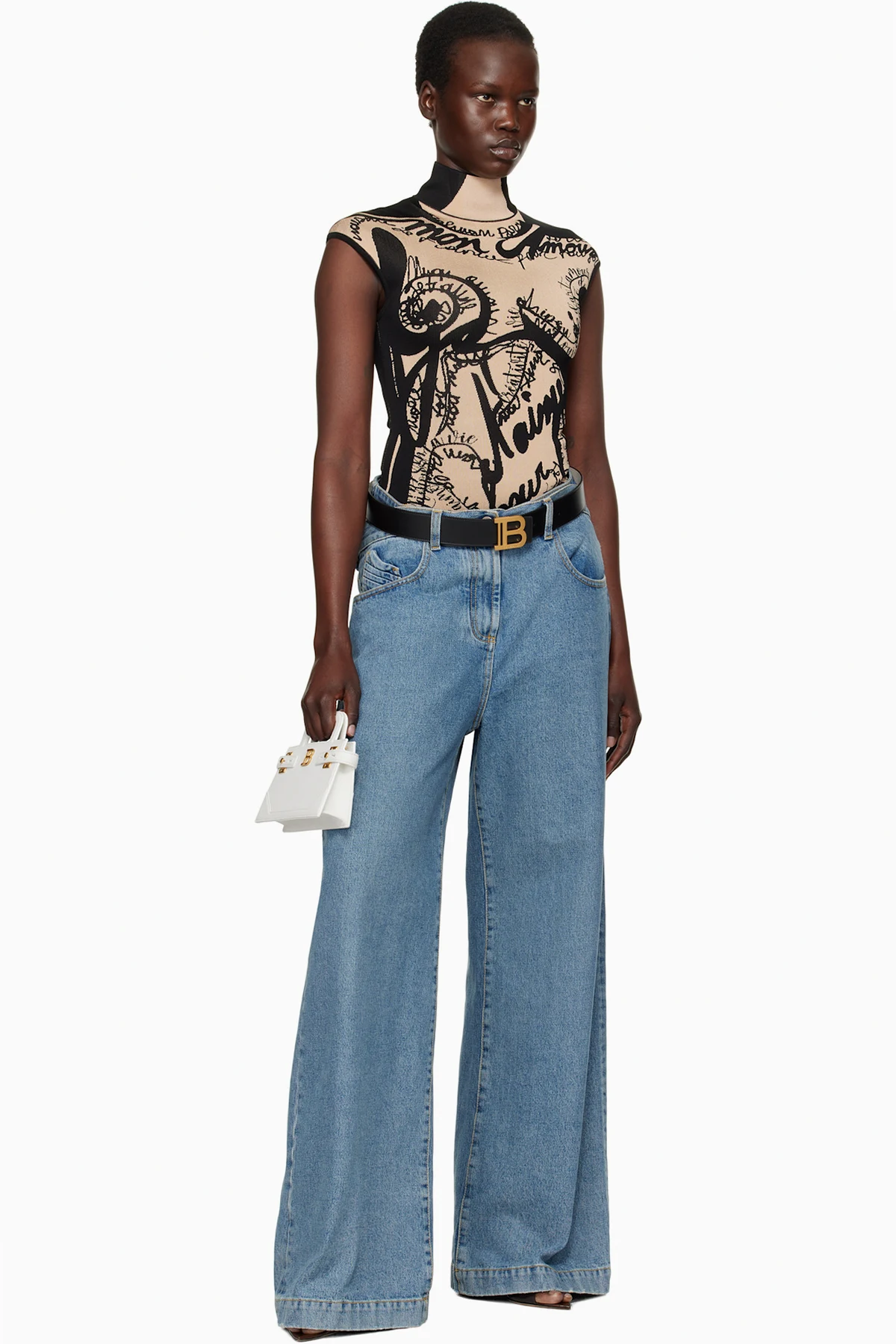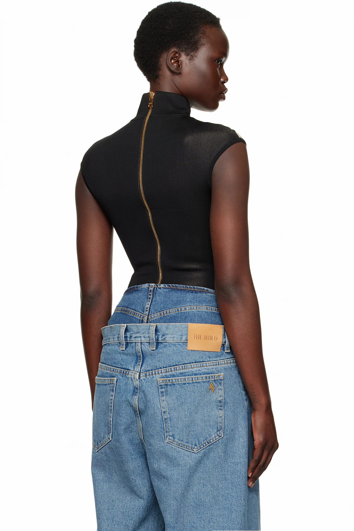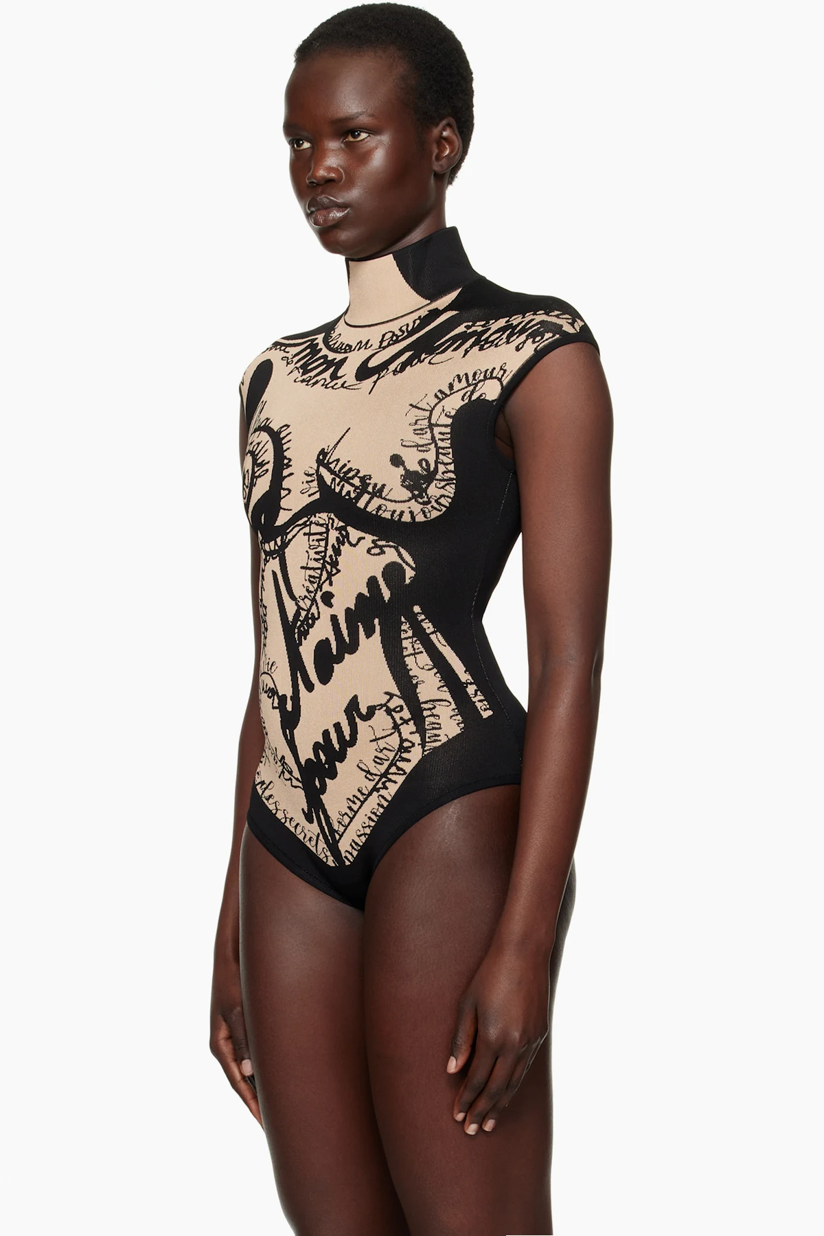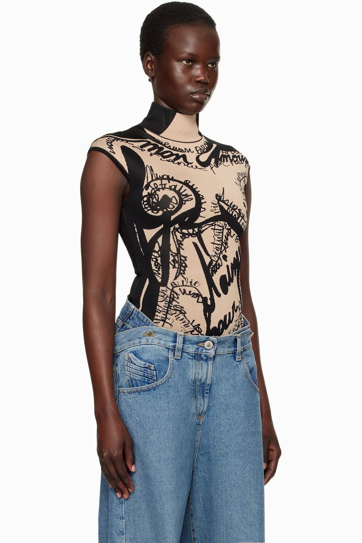 Balmain Black & Beige Jacquard Knit Torso Motif Bodysuit
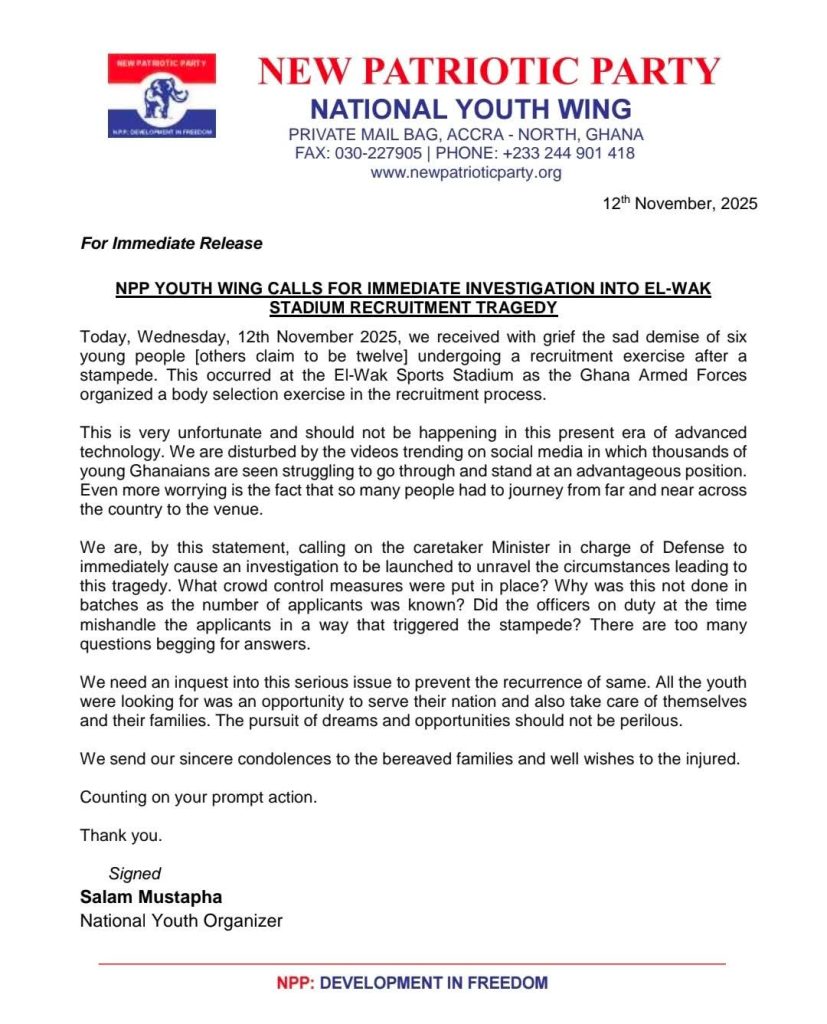 The National Youth Wing of the New Patriotic Party (NPP) has called for an immediate investigation into the tragic incident at the El-Wak Sports Stadium in Accra, where a recruitment exercise by the Ghana Armed Forces reportedly resulted in the deaths of several young applicants.
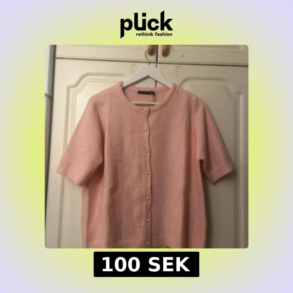 Supersöt ljusrosa kofta från 157 med korta ärmar och pärlknappar framtill. Koftan är stickad och har en rund halsringning. Perfekt för lager-på-lager och ger en mjuk, feminin vibe till din outfit.
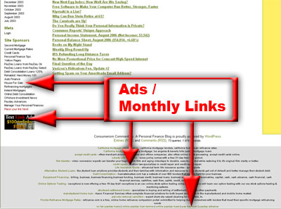 Taking a look at some personal finance websites, I noticed everyone has all sorts of cash-generating items on their site, which are relatively un-intrusive. I’m just curious of the average total amount everyone makes from their sites. For example, I was looking at Consumersim Commentary and took a good look around his site to see where cash comes from.
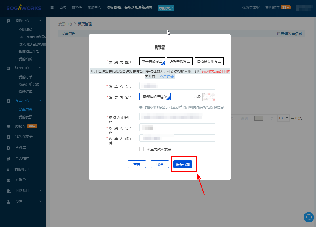 4. 點擊【保存添加】,則新的開票信息新增完成
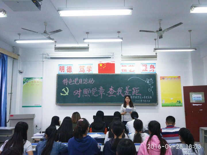 9月28日下午4:30到6:00,工商管理学院学生工作支部,按照学院“两学一做”活动要求,在工商学院学工办办公室和崇文南楼c210教室,分别对教师党员和学生党员开展了“对照党章,查找差距”的特色党日活动,活动以座谈会的形式开展,学工支部全体教师党员及学生党员参会。党支部书记杜娟主持本次会议。
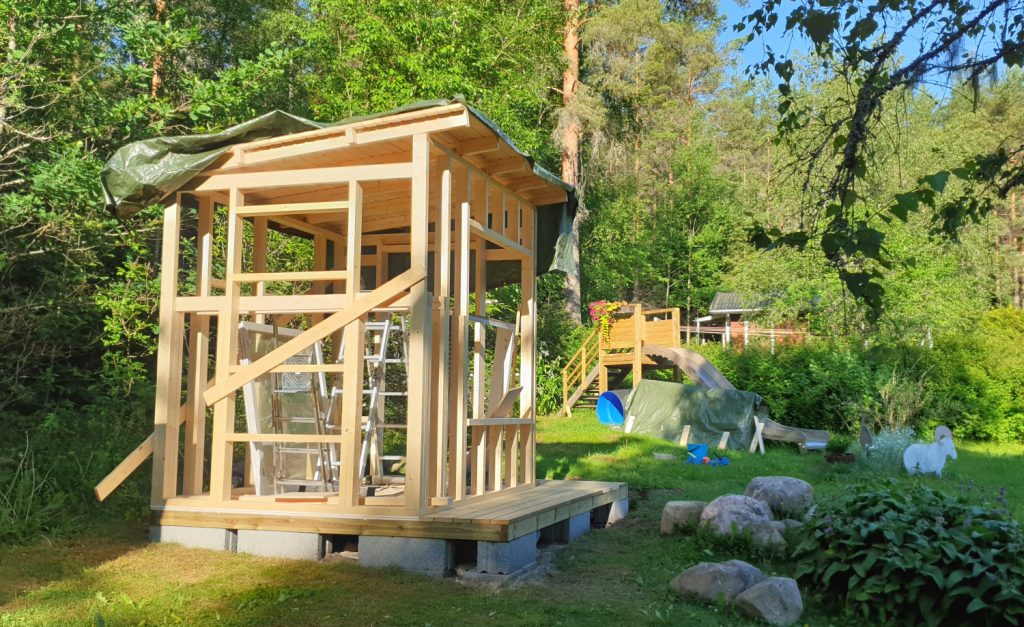 Leikkimökkiä saatiin aluksi rakentaa helteisissä tunnelmissa, mutta nyt seurana on tyypillisempää suomalaista kesäsäätä. Menossa onkin ensimmäinen pakollinen vapaapäivä työmaalta. Rungon jälkeen työlistalla oli katto, jonka pohja tehtiin raakaponttilaudasta. Katon reunaa kiertävät laudat ja listat löysivät lopulliset paikkansa vasta työn edetessä ja ihan mukavaan lopputulokseen päästiin tälläkin taktiikalla. Katon koko suunniteltiin … Jatka artikkelin Leikkimökin rakentaminen (osa 4) – Katto ja ikkunat lukemista
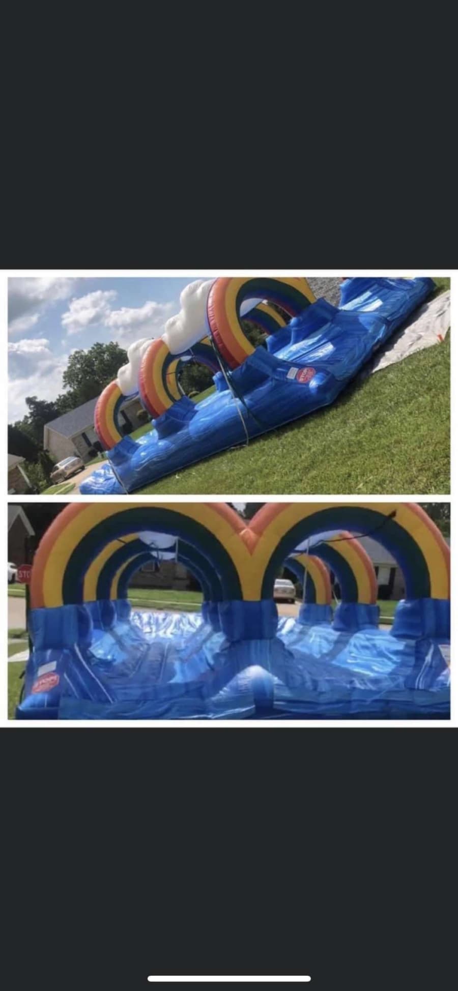 Make your next event unforgettable with the 42’ Rainbow Slip n’ Slide. 🌈 Extra large and super heavy, this dual-lane waterslide delivers nonstop fun. Perfect for birthday parties and backyard get-togethers. Safe. Fast to set up. Fun for all ages. 💦

========================================

Look through the listing above for the line with "The National Youth" and the line with "9月28日下午4:30到6:00,工商管". Write out exactly those lines and everything between, leaving out pictures.

_TASK SOLUTION_.
 The National Youth Wing of the New Patriotic Party (NPP) has called for an immediate investigation into the tragic incident at the El-Wak Sports Stadium in Accra, where a recruitment exercise by the Ghana Armed Forces reportedly resulted in the deaths of several young applicants.
 Supersöt ljusrosa kofta från 157 med korta ärmar och pärlknappar framtill. Koftan är stickad och har en rund halsringning. Perfekt för lager-på-lager och ger en mjuk, feminin vibe till din outfit.
 Taking a look at some personal finance websites, I noticed everyone has all sorts of cash-generating items on their site, which are relatively un-intrusive. I’m just curious of the average total amount everyone makes from their sites. For example, I was looking at Consumersim Commentary and took a good look around his site to see where cash comes from.
 4. 點擊【保存添加】,則新的開票信息新增完成
 9月28日下午4:30到6:00,工商管理学院学生工作支部,按照学院“两学一做”活动要求,在工商学院学工办办公室和崇文南楼c210教室,分别对教师党员和学生党员开展了“对照党章,查找差距”的特色党日活动,活动以座谈会的形式开展,学工支部全体教师党员及学生党员参会。党支部书记杜娟主持本次会议。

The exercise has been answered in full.